Data excerpt –
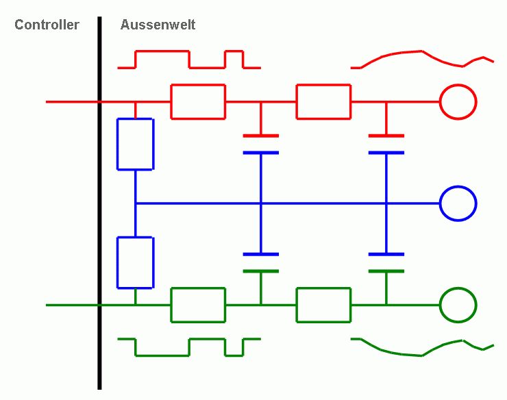 Ich möchte einen balancierten symmetrischen Messeingang antreiben, der Plus, Minus und GND hat. Die symmetrische Übertragung ist nötig, weil das Umfeld verseucht und die Leitung lang ist. Mit einer PWM erzeuge ich bereits Signale, die mit dem Tiefpass geglättet werden. Frage: Kann ich so vorgehen? Wie erzeuge ich die Masse? Im Microcontroller kann ich ja keinen Mittelwert erzeugen. Geht das so über den Spannungsteiler?
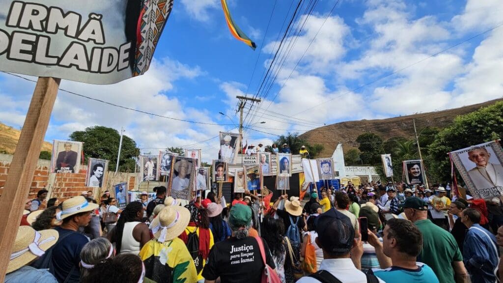 Romeiros reforçam pedido de reparação aos atingidos e atingidas pelo crime socioambiental de Mariana (MG) e de descontaminação das águas da bacia do Rio Doce
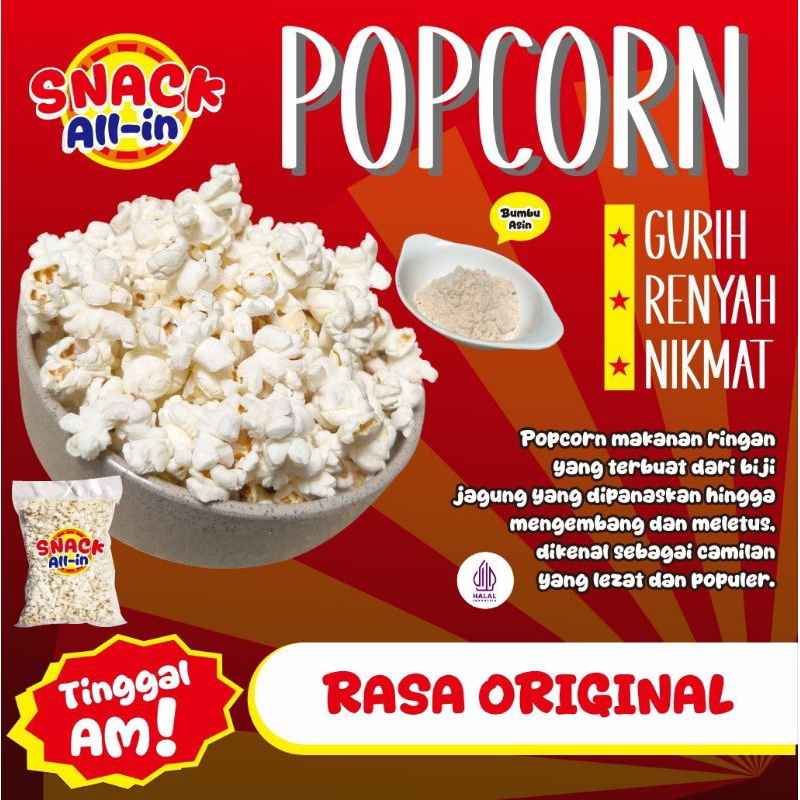 Snack Popcorn merupakan salah satu varian popcorn dengan cita rasa manis dan crunchy yang diproduksi dari jagung berkualitas dan diolah dengan bumbu yang kemudian di proses dan di kemas secara higenis sehingga aman untuk dikonsumsi. Cocok banget jadi camilan saat streaming film bersama keluarga.

Task – Give an exact copy of the listing, without its pictures.

Expected output –
 Ich möchte einen balancierten symmetrischen Messeingang antreiben, der Plus, Minus und GND hat. Die symmetrische Übertragung ist nötig, weil das Umfeld verseucht und die Leitung lang ist. Mit einer PWM erzeuge ich bereits Signale, die mit dem Tiefpass geglättet werden. Frage: Kann ich so vorgehen? Wie erzeuge ich die Masse? Im Microcontroller kann ich ja keinen Mittelwert erzeugen. Geht das so über den Spannungsteiler?
 Romeiros reforçam pedido de reparação aos atingidos e atingidas pelo crime socioambiental de Mariana (MG) e de descontaminação das águas da bacia do Rio Doce
 Snack Popcorn merupakan salah satu varian popcorn dengan cita rasa manis dan crunchy yang diproduksi dari jagung berkualitas dan diolah dengan bumbu yang kemudian di proses dan di kemas secara higenis sehingga aman untuk dikonsumsi. Cocok banget jadi camilan saat streaming film bersama keluarga.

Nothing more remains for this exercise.